Idiosyncratic algorithm for IMU drift prevention for personal position sensor

Abstract

Non-GPS tracking systems often use fused information from sensors such as gyros and accelerometer, either stand-alone or as parts of Inertial Measurement Units (IMUs), to estimate changes in the users heading. Since gyros measure rate of rotation, they require, among other mathematical processing, that their signals be numerically integrated to produce the desired heading information. The numeric integration has a tendency to cause errors due to drift. Drift is produced when small, near-constant deviations from the correct signal are integrated with respect to time. The highly undesirable result of drift is that the error of the computed heading increases continuously and without bound. One can conceptually view drift as being comprised of two components: a slowly changing, near-DC component, called bias instability, and a highfrequency noise component with an average of zero (called Angle Random Walk ARW). The high-frequency component creates only relatively small errors in the computation of heading from the gyros rate of turn measurements, since its average is about zero.
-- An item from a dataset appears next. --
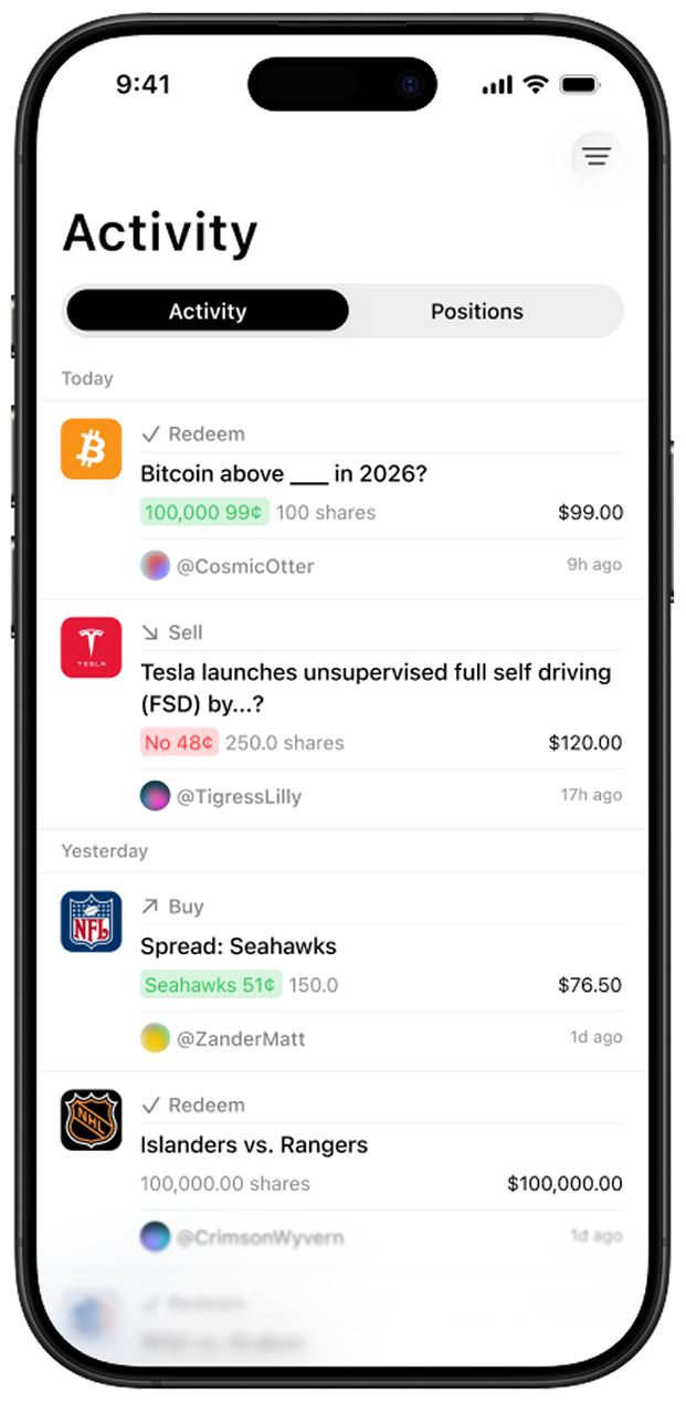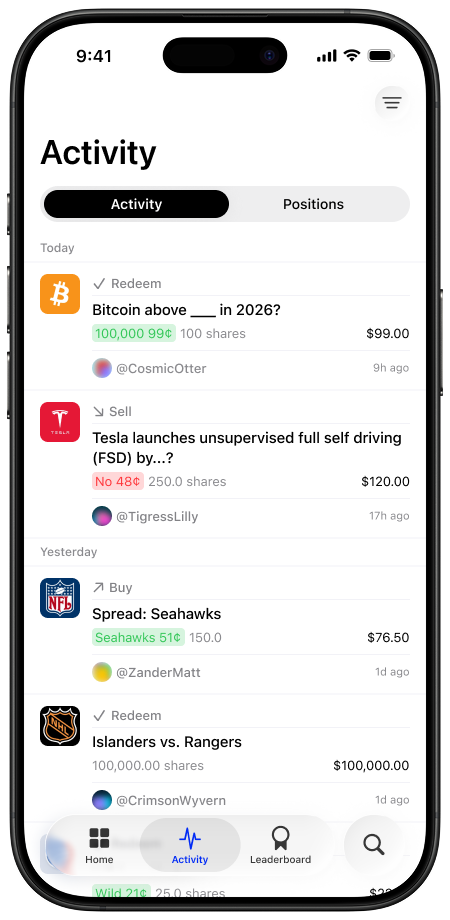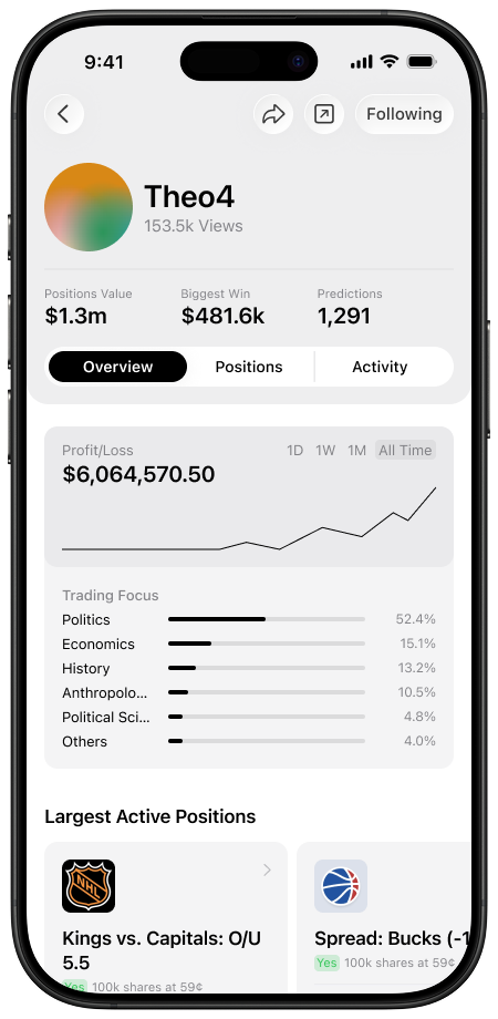 See trades as they happen. Review open positions, recent changes, and exits across markets to understand how traders think over time.
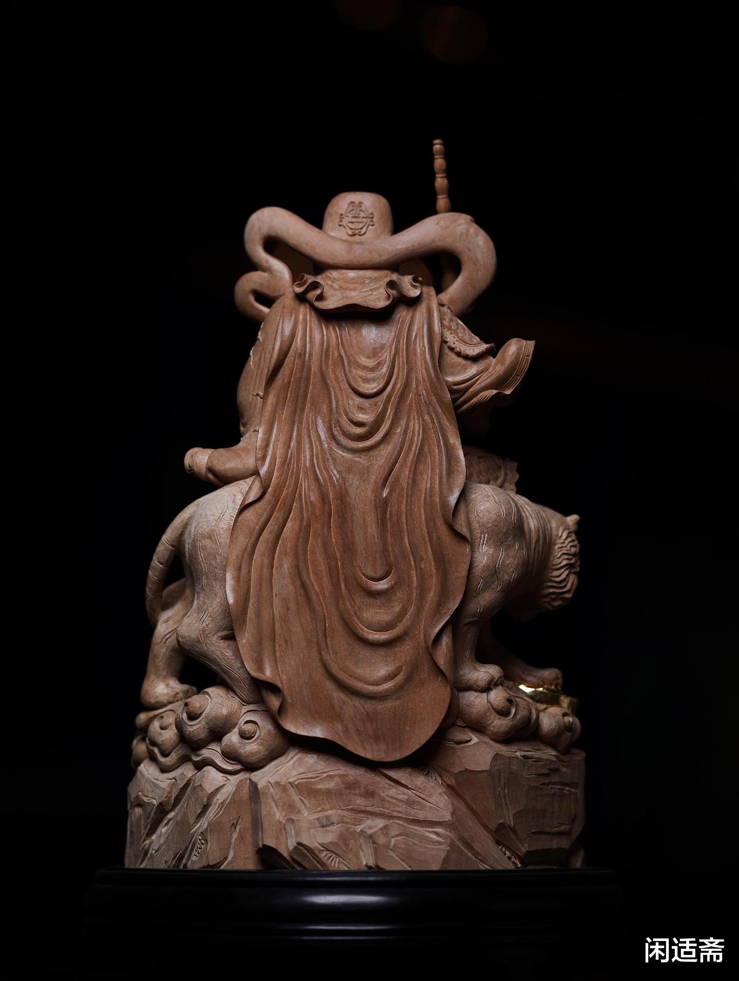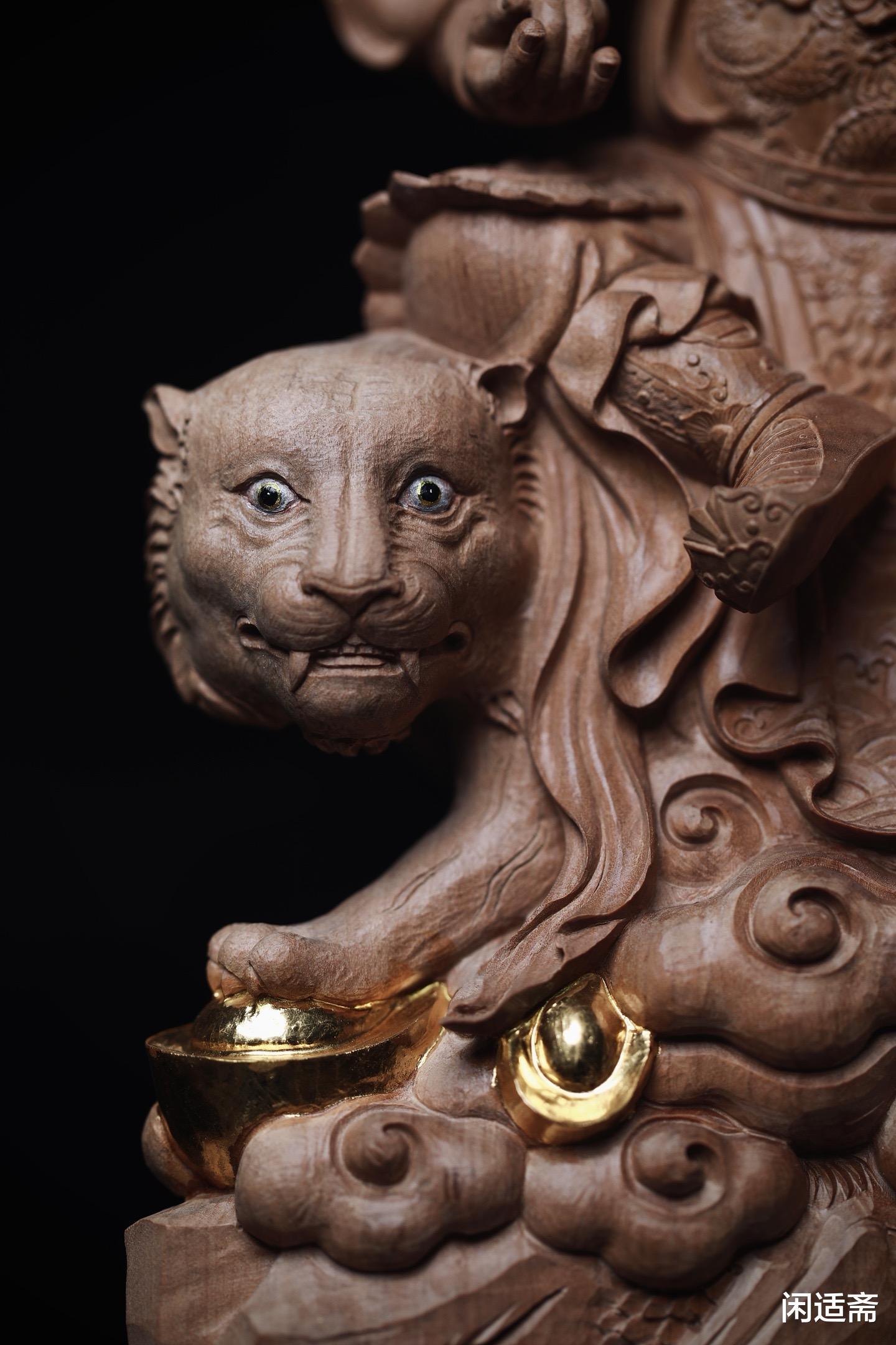 身着金甲皂袍的戎装造型,完美诠释了“正一玄坛元帅”的威严气度:外披的朝袍垂坠自然,衣纹疏朗流畅,顺着身体姿态形成自然堆叠,匠人通过深浅不一的雕刻技法,让衣料的轻薄与厚重感清晰区分,为威严造型增添了几分精致。右手紧握铁鞭,鞭身雕刻出螺旋状纹路,线条遒劲有力,象征着执掌财富的权威;左手托起贴金元宝,寓意财富象征。黑虎坐骑姿态矫健,虎目圆睁、獠牙微露,四肢肌肉线条饱满,仿佛随时准备腾跃而起,与赵公明的神威形成呼应,更暗合“骑虎聚财”的民间寓意。

In the context of this paper, we are therefore concerned only with the near-DC component of drift. Gyros are also sensitive to changes in temperature, and certain gyros are sensitive to linear accelerations. In our application, these two effects also produce errors that can be treated as having near- DC, slow changing components, as drift does. Our proposed drift reduction method counteracts all near-DC errors regardless of whether they are caused by the physical phenomena of drift, temperature sensitivity, or sensitivity to accelerations. For that reason, throughout this paper we lump all three of these near-DC error sources together and call them collectively drift before constructing a heuristic model to reduce error based on idiosyncratic behavior.